Designed for low to medium-scale and low-dimension datasets with interest in high-performance causal estimation and univariate or multivariate density modeling, hse combines flexible spline regression with hypercuboid technology to avoid overfitting without cross validation.
Package Architecture
hse consists of five unified modules:
hse.estimator.HSE: Non-parametric baseline modeling using multi-round forward knot selection and $O(N)$ hypercuboid partitioning for fast spline fitting.hse.density.HSE_Density: Smooth, non-parametric, heteroskedasticity-robust conditional density estimator ($\sigma^2 = \text{HSE}(X_{\text{var}})$) for modeling complete residual probability distributions.hse.diagnostics: Production diagnostic suite returning statistical summary tables (OLS/Logistic), 1D/2D feature fit grids with 90% data intervals, Q-Q loss plots, and residual distribution scatterplots.hse.mv_density: Multivariate, chained nonparametric density estimator returning a spline-based conditional multivariate density function.hse.hse_causal: High-performance machine learning for estimation of DAG-based causal model which takes in target and feature data with user-specification of treatment and control variables as well as functional form options for the treatment, returning causal estimates and average treatment effects.
Installation
From PyPI
pip install hse_ml
From Source
git clone https://github.com/your-repo/hse.git
cd hse
pip install -e .
Dependencies
-
numpy >= 1.20.0
-
scipy >= 1.7.0
-
pandas >= 1.3.0
-
matplotlib >= 3.4.0
-
scikit-learn >= 1.0.0
Quickstart Examples
1. Continuous Causal Inference & Counterfactual Dose-Response (hse_causal.py)
import numpy as np
import pandas as pd
from hse.hse_causal import HSECausalEstimator
# Fit Causal Estimator with treatment interactions
causal_model = HSECausalEstimator(
var_of_interest="treatment",
control=["confounder_1", "confounder_2"],
interactions="all"
)
causal_model.fit(df, depvar="outcome")
# Estimate Average Treatment Effect (ATE)

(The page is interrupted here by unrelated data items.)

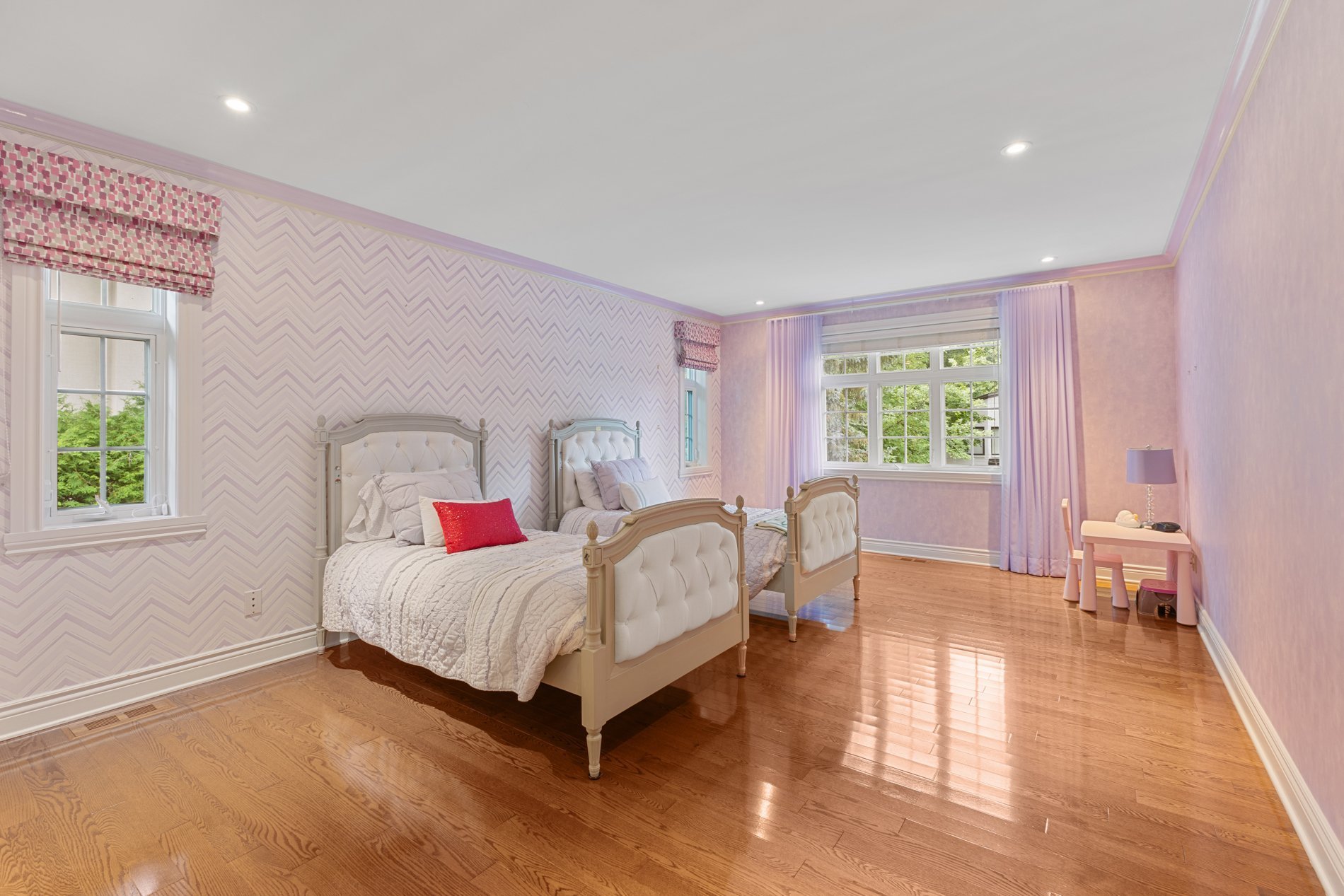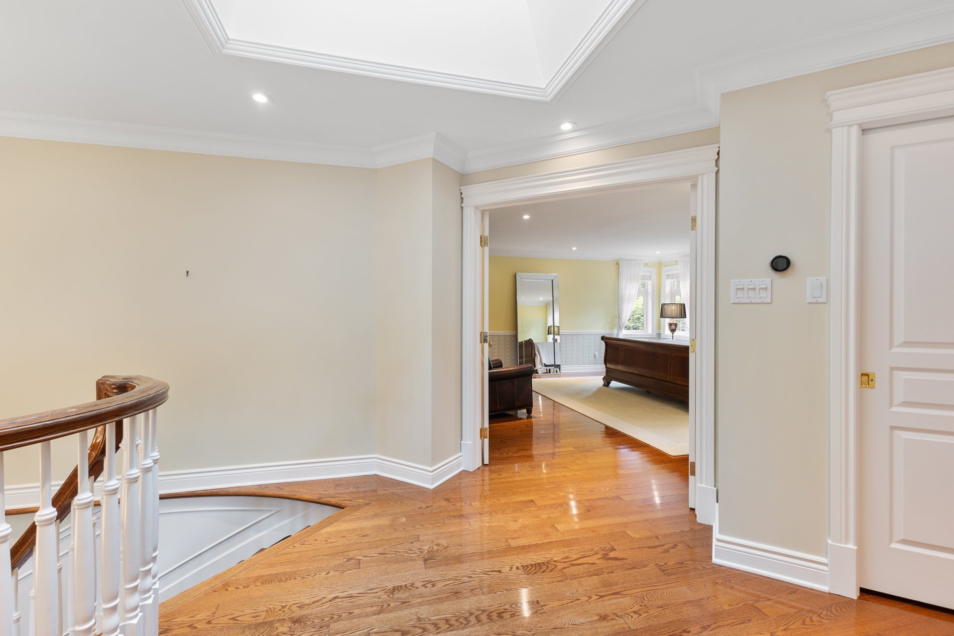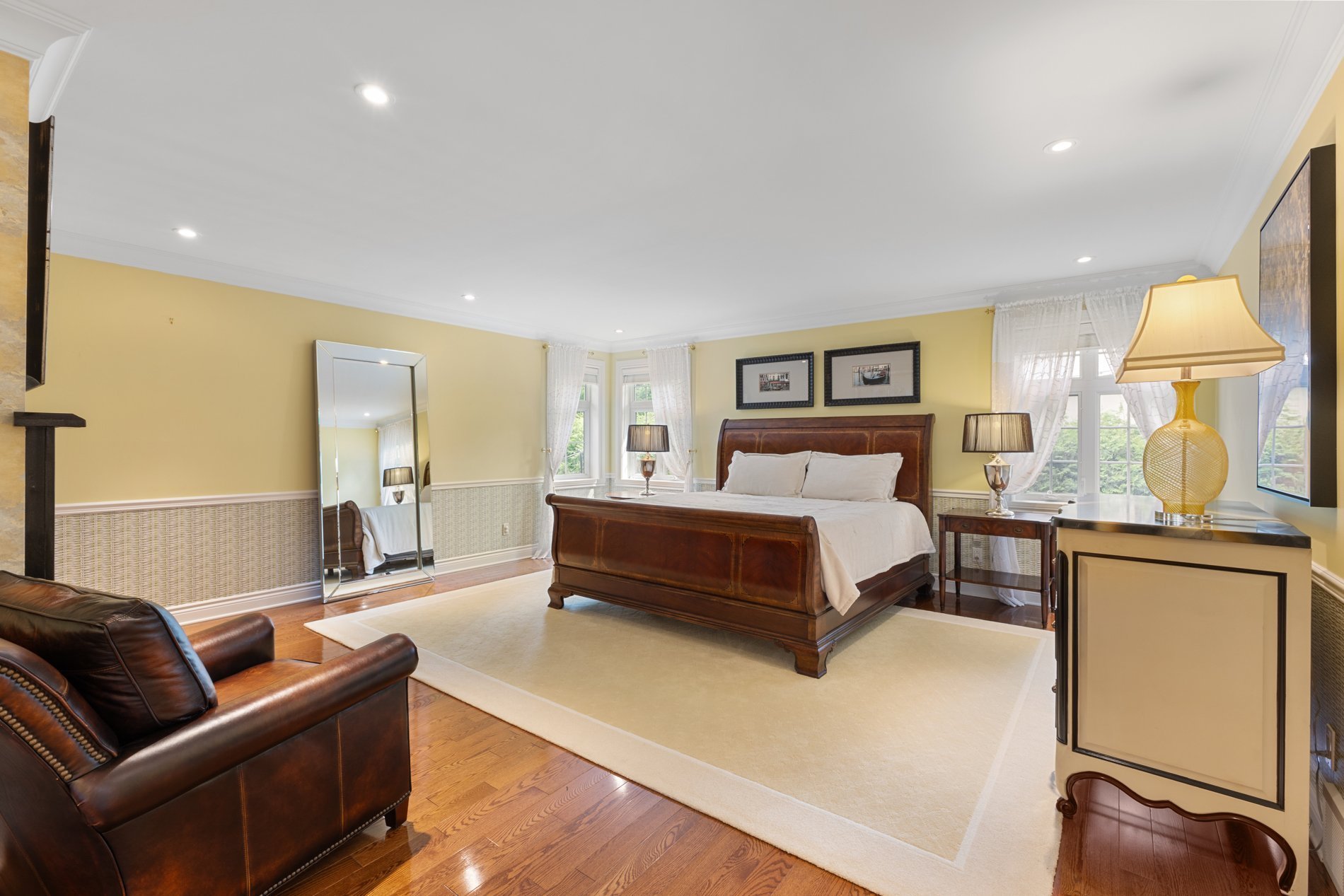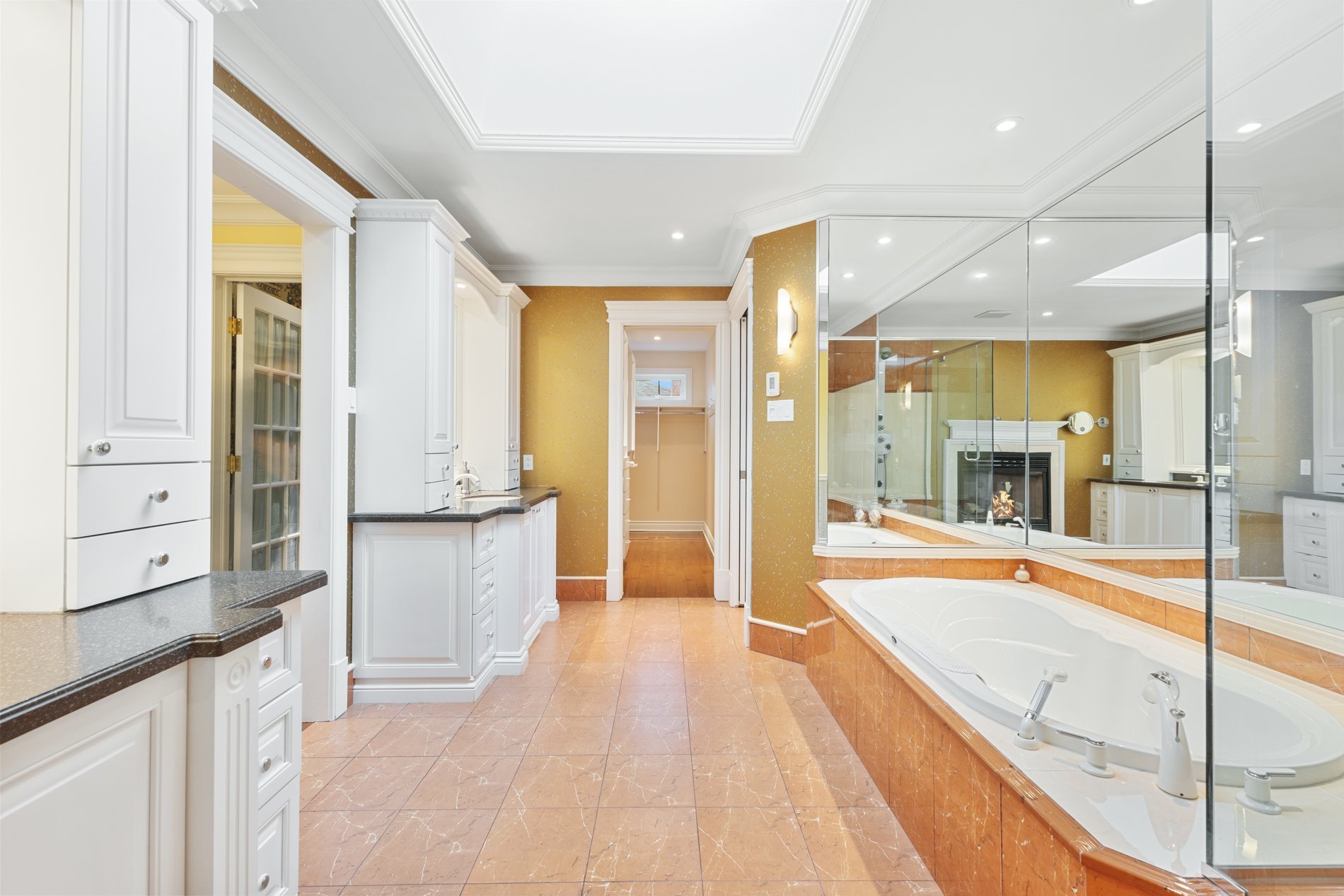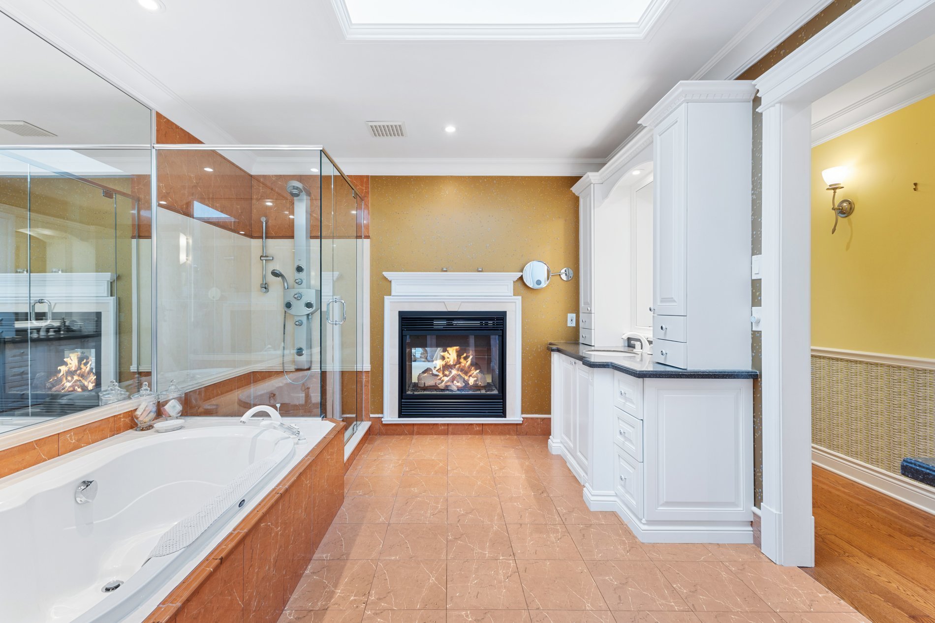 The primary bedroom is a true retreat, featuring an expansive layout, a double-sided fireplace giving onto a bright bathroom with skylight, and a large walk-in closet.
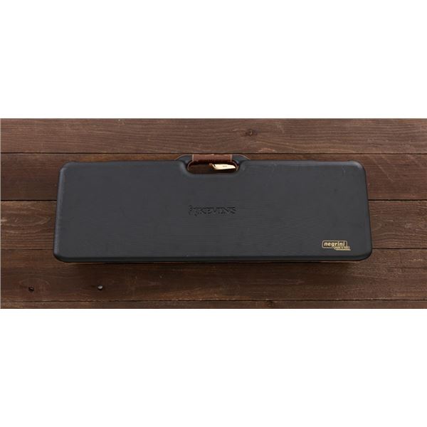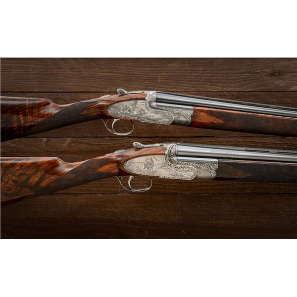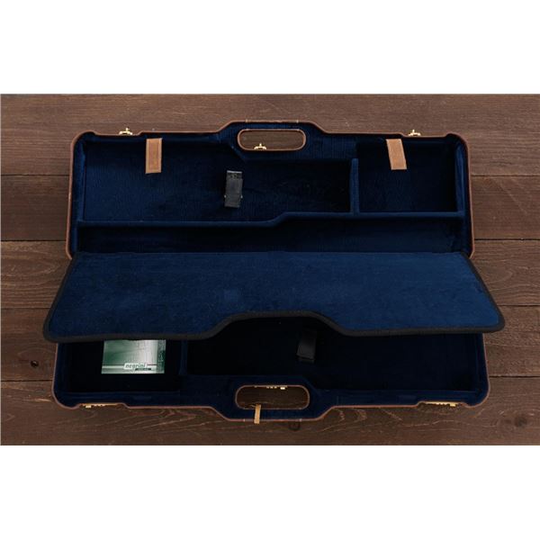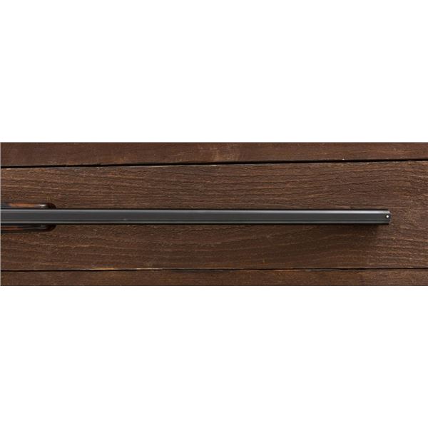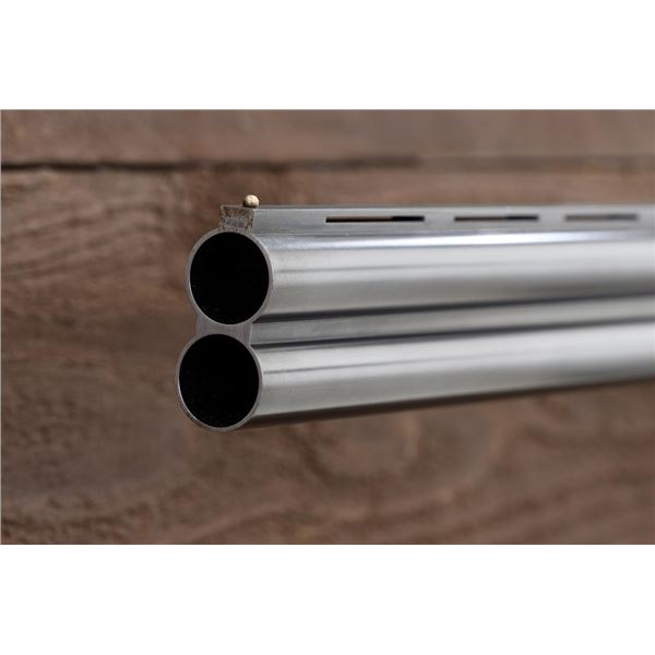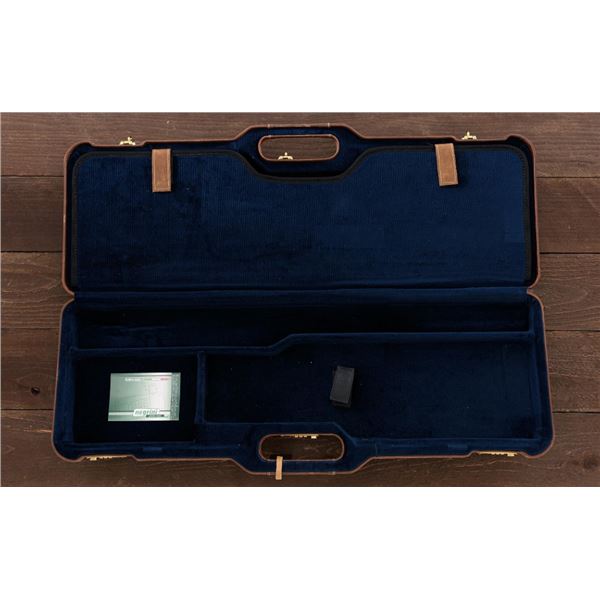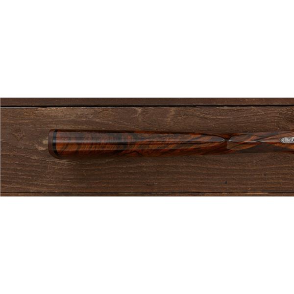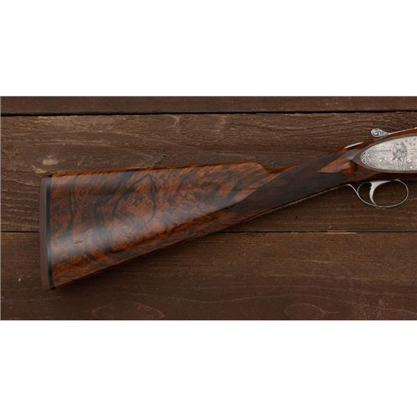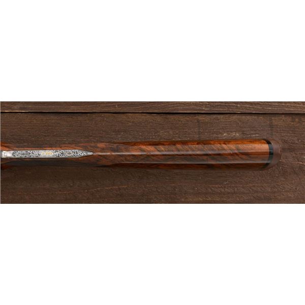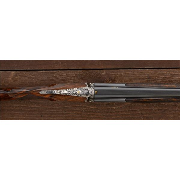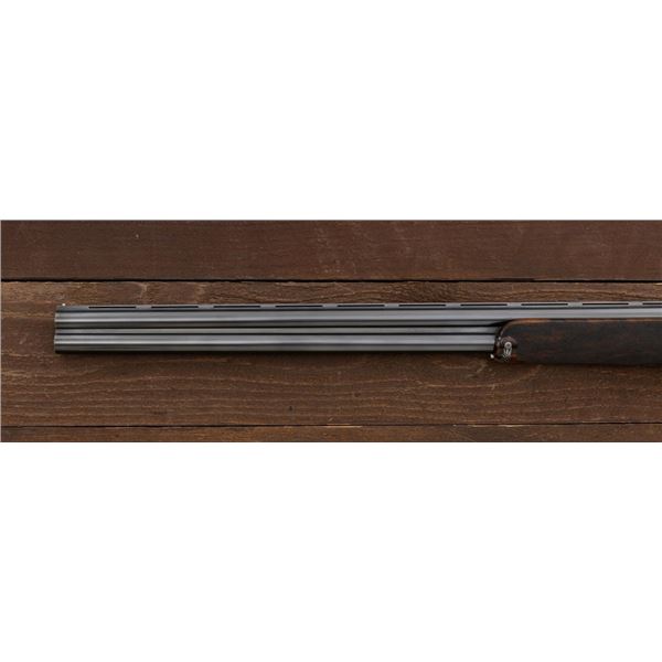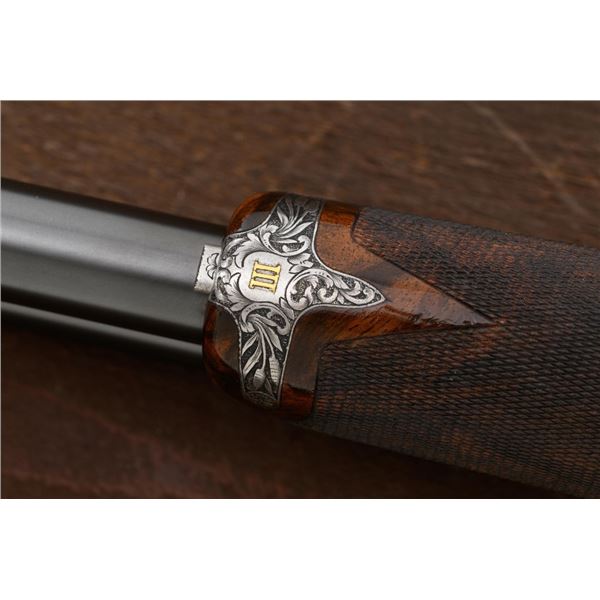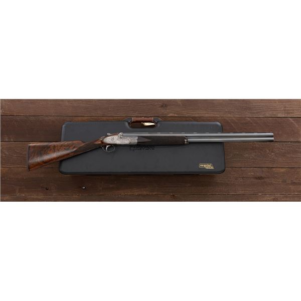 Outstanding IVO Fabbri Best Quality Sporting Grade Over/Under Shotgun with Engraving Signed by Galeazzi, #E689, 12 ga., 28" blued barrels are of the best steel available in Europe, include a tapered ventilated rib that is marked "III" in gold at the rear and top of the opening lever, small "R.A. Day" in gold lettering on the left side, with 3" chambers, and is choked IC/CYL. The true sidelock action features a single non-selective inertia trigger, dual underlug lockup, non-automatic safety, and selective ejectors. The coin finished receiver is beautifully engraved with a small flock of mallards approaching the viewer through the foliage on the left sidelock, a retriever bringing a downed duck back to the blind on the right side, all surrounded with rose and scroll engraving, other engraved views of trees and similar foliage to examine. The bottom of the receiver features a view of four mallards, one ascending, surrounded by tasteful rose and scroll coverage. Top caption features "IVD Fabbri" in text. Blue trigger guard features a gold "D" with an arrow through it for its previous owner. The long lower tang has scrolls with "E689" in gold. Signed by engraver "Galeazzi" on the left side. Full forend and straight grip buttstock are of presentation grade European walnut, oil finished, with complete checkering at 28 LPI, and a "BMR" buttpad. Stock dimensions are 14-1/2" x 1-5/8" x 1-7/8". Manufactured in 1988. Contained in a brown & black Negrini hard case with paper accessories. Condition is excellent, retaining approx. 98% factory blue. Engraving is magnificently done and in superb condition. Wood displays typical signs of field use, with intermittent light marks on the forend and sides of the buttstock, checkering detail is crisp. Action shows little wear, closes very tight and functions correctly; bores are mirror bright. Overall reflecting light use, regular cleaning and maintenance. A truly fantastic sporting arm. Est.: $25,000-$35,000. (Modern)(Property from the Estate of Robert Day)
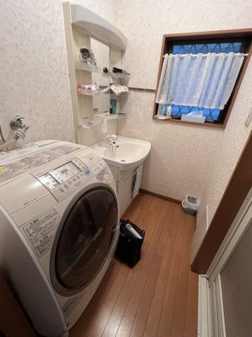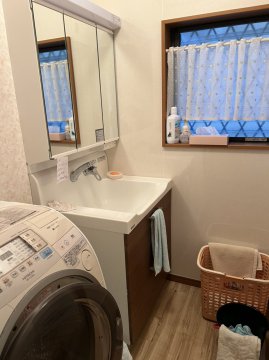 洗面台交換とあわせて、床の貼替と壁にキッチンパネルの施工をさせていただきました。
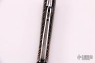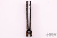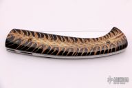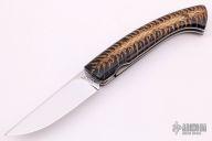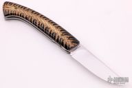 This knife by Manu LaPlace features a mirror polished blade. The handle has pine cone scales with black resin, stainless steel liners and backspacer. The inside of the backspacer is engraved "All is fair in love and war..." Comes with a leather slip sheath, original box and papers. Excellent condition.

ate = causal_model.estimate_treatment_effect(df)
print(f"Population ATE: {ate['average_treatment_effect']:.4f}")
# Print diagnostic statistical summary table
causal_model.summary(df)
2. Heteroskedastic Conditional Density Estimation (density.py)
import numpy as np
from hse.density import HSE_Density
from hse.estimator import HSE
# Fit base mean model
base_model = HSE().fit(X, y)
# Fit conditional density estimator on residuals
density = HSE_Density(base_estimator=base_model)
density.fit(X=X, y=y)
# Plot conditional PDF in a single function call
density.plot_density(X[0:1])
# Generate Monte Carlo draws and evaluate 37th percentile target
samples = density.rvs(X[0:1], size=1000)
q37 = density.predict_ppf(X[0:1], q=0.37)
3. Model Diagnostics & Statistical Summaries (diagnostics.py)
from hse.estimator import HSE
from hse.diagnostics import print_statistical_summary, plot_feature_fits, plot_qq_diagnostics
# Fit base spline estimator
model = HSE().fit(X, y)
# Print full OLS statistical summary
print_statistical_summary(model, X, y)
# Plot binned feature fits with 90% data confidence intervals
plot_feature_fits(model, X, y, target_feature=0)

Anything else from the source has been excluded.